Prima lezione, The deal (stagione due, episodio nove). Jerry ed Elaine un tempo stavano insieme, ora sono amici. Stremati da mesi di astinenza sessuale, una sera decidono di andare a letto. L’idea è quella di farlo di tanto in tanto rimanendo amici; ma la scelta comporta dei rischi, e così architettano un rigoroso sistema di regole per evitare di ritrovarsi in situazioni di spiacevole ambiguità. Il problema è che si avvicina la data del compleanno di Elaine. Cosa regalarle? Jerry ha il terrore, dopo quella notte, di mandarle il messaggio sbagliato: “Sono in una posizione molto delicata. Qualunque cosa le regali, lei convocherà esperte da tutto il paese per interpretarne il significato implicito”. Porta allora il suo migliore amico George – che ha per cognome il tuo nome: Costanza – in un negozio di articoli da regalo e con lui passa in rassegna le opzioni. Un carillon? No, troppo da fidanzati. Un portacandele? Troppo romantico. Lingerie? Troppo erotico. L’attrezzo per fare i waffle? Troppo casalingo. Un busto di Nelson Rockefeller? Troppo governativo (!). Finisce che Jerry regala a Elaine una busta con 182 dollari, così lei può comprarsi ciò che vuole. Ovviamente ne nasce una lite furibonda. Perché non si scappa: un regalo non è solo un oggetto che passa da una mano all’altra; nel ventre del più innocuo cavalluccio di Troia si nasconde, quanto meno, l’immagine che abbiamo dell’altro e del nostro rapporto con lei o con lui. Sperando, col più neutro dei regali, di non far passare nessuna immagine, Jerry ha fatto passare la peggiore di tutte: “Dei soldi? E cosa sei, mio zio?”.

Seconda lezione, The label maker (stagione sei, episodio dodici). È la grande puntata sul dono, e quella che ha reso popolare nel linguaggio quotidiano, in America, la parola regifting, che indica il riciclaggio di un regalo sgradito. Ma si parla anche del degifting, ossia il riprendersi indietro un regalo, in una girandola di giochi di parole e variazioni linguistiche che avrebbero fatto la gioia di Emile Benveniste o dello stesso Marcel Mauss, che dava molto peso alla sovrapposizione semantica, nelle lingue germaniche, tra gift come dono e gift come veleno. Non sto qui a riassumerti la puntata, ma ti invito a fare attenzione al colpo di genio annunciato già dal titolo: il regalo che passa di mano in mano è un label maker, un’etichettatrice (molti da bambini ne avevano una, e si divertivano con zelo notarile a creare etichette a rilievo per i loro giochi, in caso sorgessero, tra fratelli, dubbi sul proprietario). Ecco, prova a vederla in questi termini: scegliendo il libro perfetto per una persona, le stai appiccicando in fronte un’etichetta; e non è un atto romantico, è un atto violento, che può essere vissuto come una dichiarazione di guerra. “Ma come? Mi regali La coscienza di Zeno? Davvero pensi che io sia un inetto?”. “Perché proprio L’avversario di Carrère? Dunque per te sono un impostore?”. “Il male oscuro di Giuseppe Berto? Ma davvero ho l’aria così nevrotica e depressa?”. Eccetera.

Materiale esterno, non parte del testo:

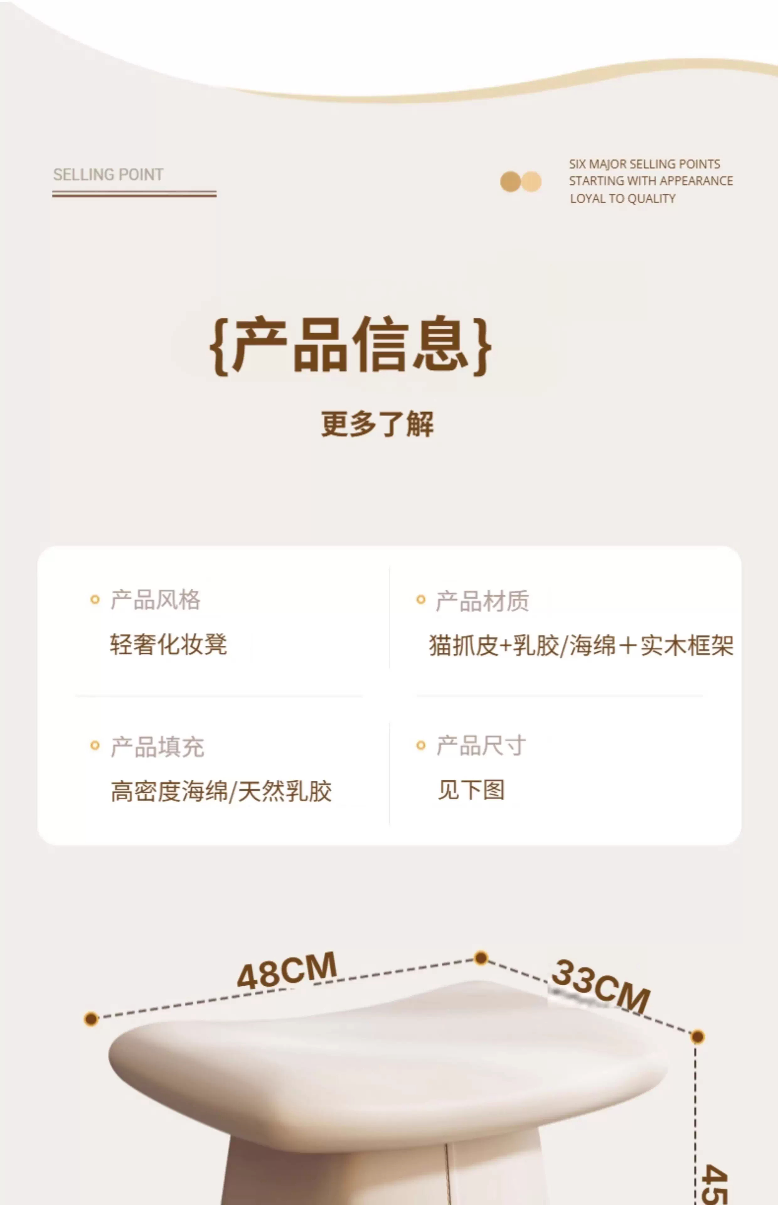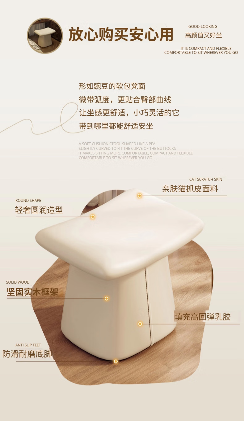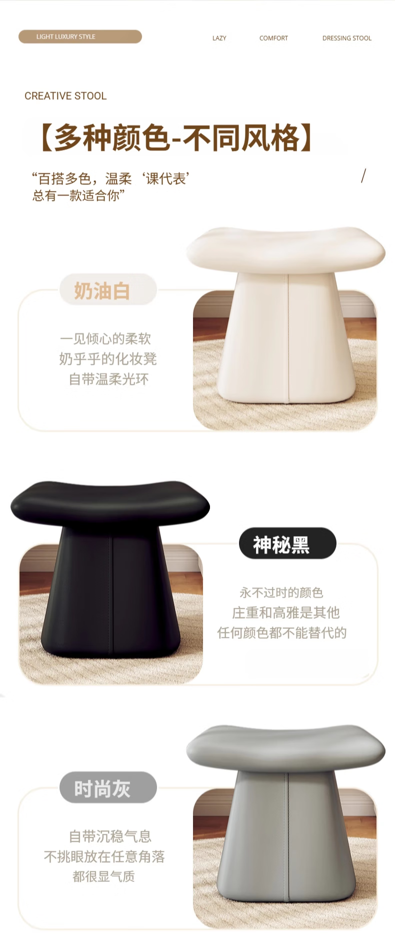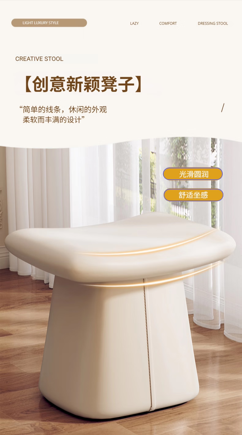 2025 New Dressing Stool Master Bedroom Dressing Table Makeup Stool Leather Chair Light Luxury High-end Saddle Stool Upholstered Stool High Resilience Sponge Beige 48*33*45CM
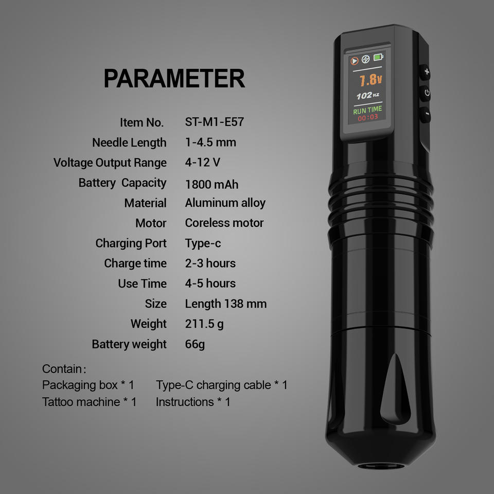 Stigma E57 Stylo à tatouer Machine à tatouer Affichage couleur Design classique Prise en main confortable Stylo à tatouer sans fil
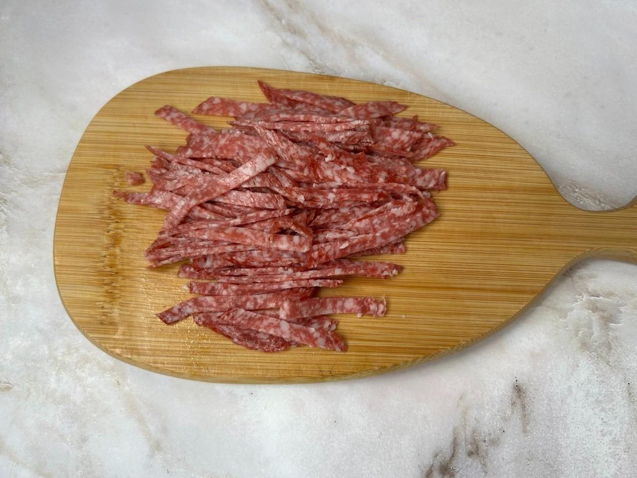 Салями, нарежьте на кружочки, а затем эти кружочки на полоски.

Piccolo esercizio: ripercorri il curriculum dei tuoi doni avvelenati pensando che non hai regalato libri ma immagini. Hai cucito addosso al malcapitato o alla malcapitata un vestito che sentivano secondo i casi troppo stretto, troppo largo, della foggia sbagliata, di un colore orribile. Non sei una romantica, sei una guerriera achea – e gli achei, come sai, vanno temuti proprio quando portano doni.